While the spring harvest season is here in America, CBS News spoke to farmers who say there aren't enough workers. Foreign labor, mostly migrant workers, filled more than a quarter-million agriculture jobs in the U.S. last year, but this spring, there is a potential labor shortage amid the coronavirus pandemic.
"This coronavirus has got everybody so stirred up," Georgia farmer Bill Brim told CBS News correspondent Mark Strassmann.
Worrying about his farm keeps him up at night. "I sleep about two and a half, three hours a night," he said.
Seasonal foreign labor, mainly from Mexico, always harvests Brim's crops, but this spring, he could be 200 workers short. The coronavirus crisis has delayed the U.S. government's processing of their work visas.
Brim is facing a series of harvest deadlines. The first one is April 15 for squash. May 1, it's cucumbers, and he better have his pickers in place, he said.
"When we start harvesting squash, we've got just days to pick it," Brim said. "So if our workers don't show up here on time, then we're gonna be in trouble."
Seventy miles away, Jeremy White is in bigger trouble. His blueberry crop is days away from harvest. He needs 100 pickers and packers, but they're stuck in Guatemala, where the borders are sealed because of the virus.

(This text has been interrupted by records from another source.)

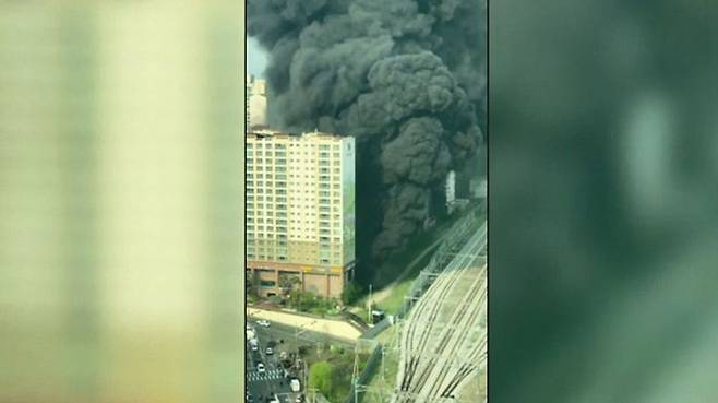 시꺼먼 연기가 무서운 기세로 하늘로 솟구치고 연기 사이로 시뻘건 불길이 치솟습니다.
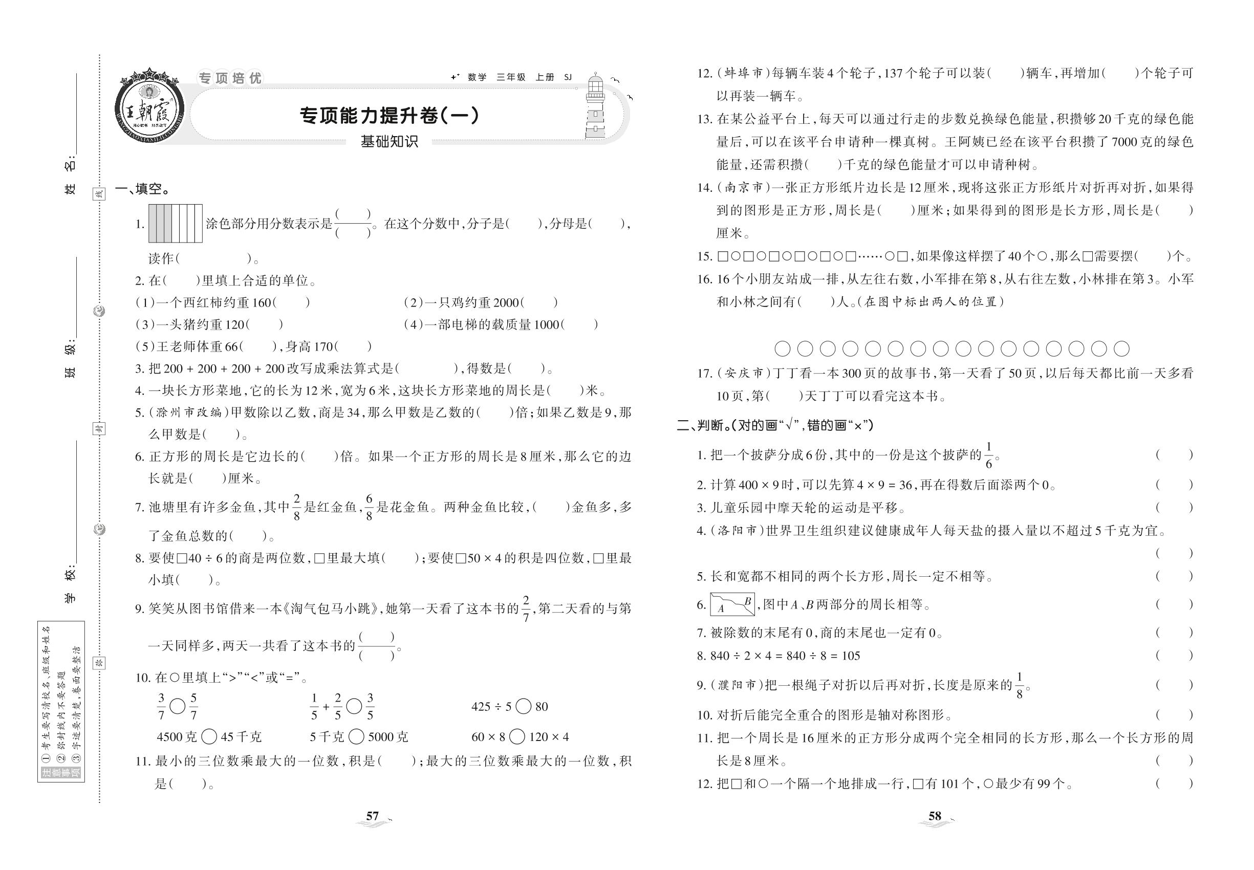 2021上册三年级数学苏教版 专项能力提升卷(一) 基础知识
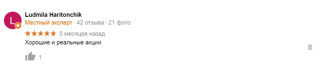 Отзывы пользователя к этой акции
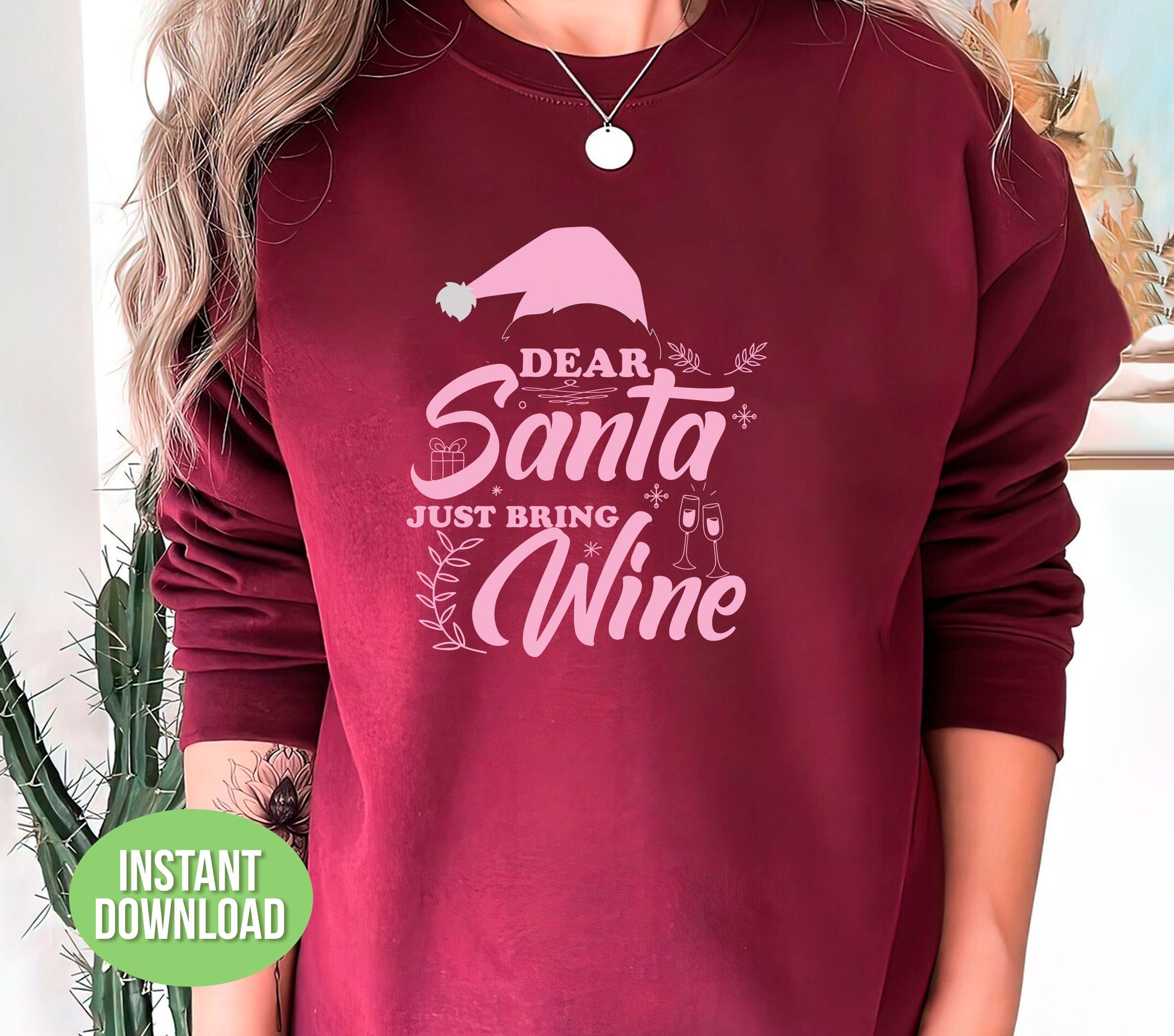 Dear Santa, Just Bring Wine, Love WIn, Get Lit In Xmas, Svg Files, Png Sublimation
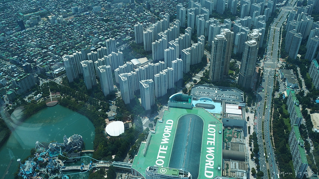 석촌못에 있는 놀이 시설이 내려다 보이구요.

"We need 'em now. Absolutely, we need 'em now," White said. "As you can see, this fruit's turning blue and it's not waiting on anybody."
More than $1 million worth of blueberries could rot in the fields, he said, and he has no plan B.

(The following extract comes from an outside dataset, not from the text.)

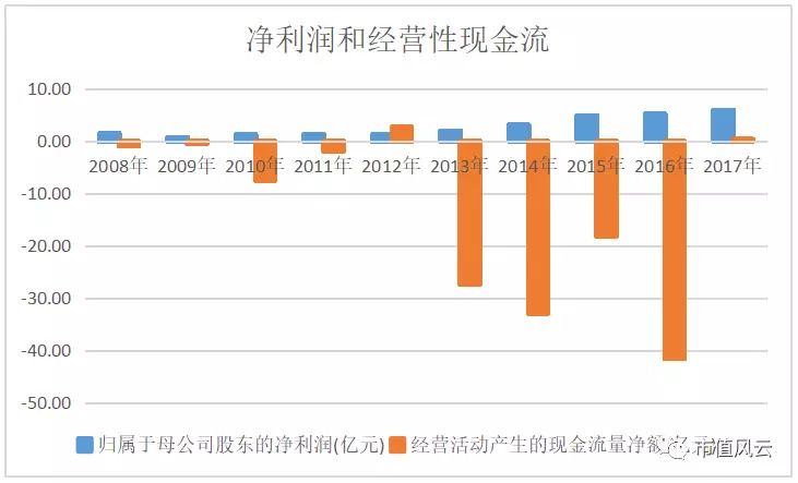 具体来看,这十年里有八年经营性现金流量净额为负数,其中以2013至2016这四年最为恐怖,分别为-27.19亿、-32.8亿、-18.05亿、-41.47亿,共计-119.51亿。
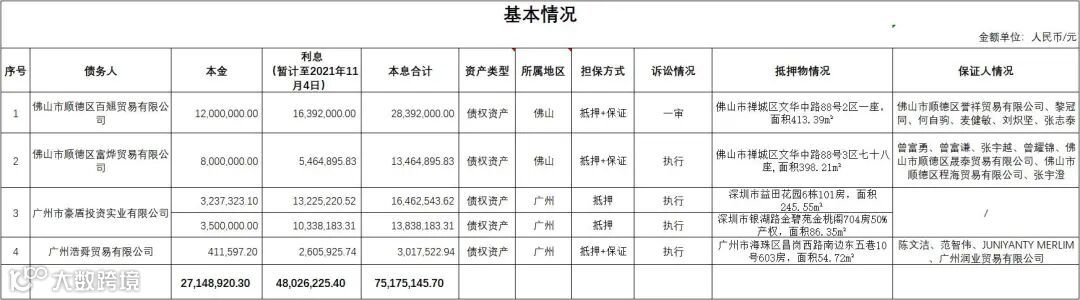 1. 债权总额为人民币7,517.51万元,其中,本金余额为人民币2,714.89万元,利息(暂计至2021年11月4日)为人民币4,802.62万元。

"Domestic labor just don't want to do this kind of work. It's unfortunate to say, but they just don't want to get out and do hard field labor anymore," White said.

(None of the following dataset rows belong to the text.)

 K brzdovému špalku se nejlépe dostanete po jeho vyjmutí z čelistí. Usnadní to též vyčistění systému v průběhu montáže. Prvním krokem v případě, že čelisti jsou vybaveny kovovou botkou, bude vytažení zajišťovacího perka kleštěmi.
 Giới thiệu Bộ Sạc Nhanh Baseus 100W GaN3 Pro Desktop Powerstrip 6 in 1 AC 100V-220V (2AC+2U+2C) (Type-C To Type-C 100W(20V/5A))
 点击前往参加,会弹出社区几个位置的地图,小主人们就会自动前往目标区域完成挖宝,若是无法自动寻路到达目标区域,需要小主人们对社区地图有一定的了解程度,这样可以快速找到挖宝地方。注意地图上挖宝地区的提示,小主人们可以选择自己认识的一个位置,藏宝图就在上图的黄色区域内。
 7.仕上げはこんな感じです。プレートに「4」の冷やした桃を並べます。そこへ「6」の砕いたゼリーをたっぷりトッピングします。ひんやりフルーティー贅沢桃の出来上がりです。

Georgia's commissioner of agriculture Gary Black echoed the farmers' concerns.
"It is a reality. If there are not workers, there will be crops that will go unharvested, and that has a ripple effect throughout this economy, and it will affect the consumers of this nation," he said.
Brim also has worries beyond his labor shortage, including if the workers he does have get sick and who will buy the crops they can harvest. Restaurants usually buy 60% of his crops, but not this year with so many closed.
If things don't turn around, Brim said, "It could devastate us. It could put us out of business, really."
He's owned the farm for 35 years and hopes this won't be the last.
"We hope and pray it's not. We're hoping this coronavirus will get out of here and we can go back to a little bit of normalcy," he said.
Agriculture workers are considered essential, and the U.S. State Department is trying to clear the way for more workers to enter the country by waiving some requirements like in-person interviews.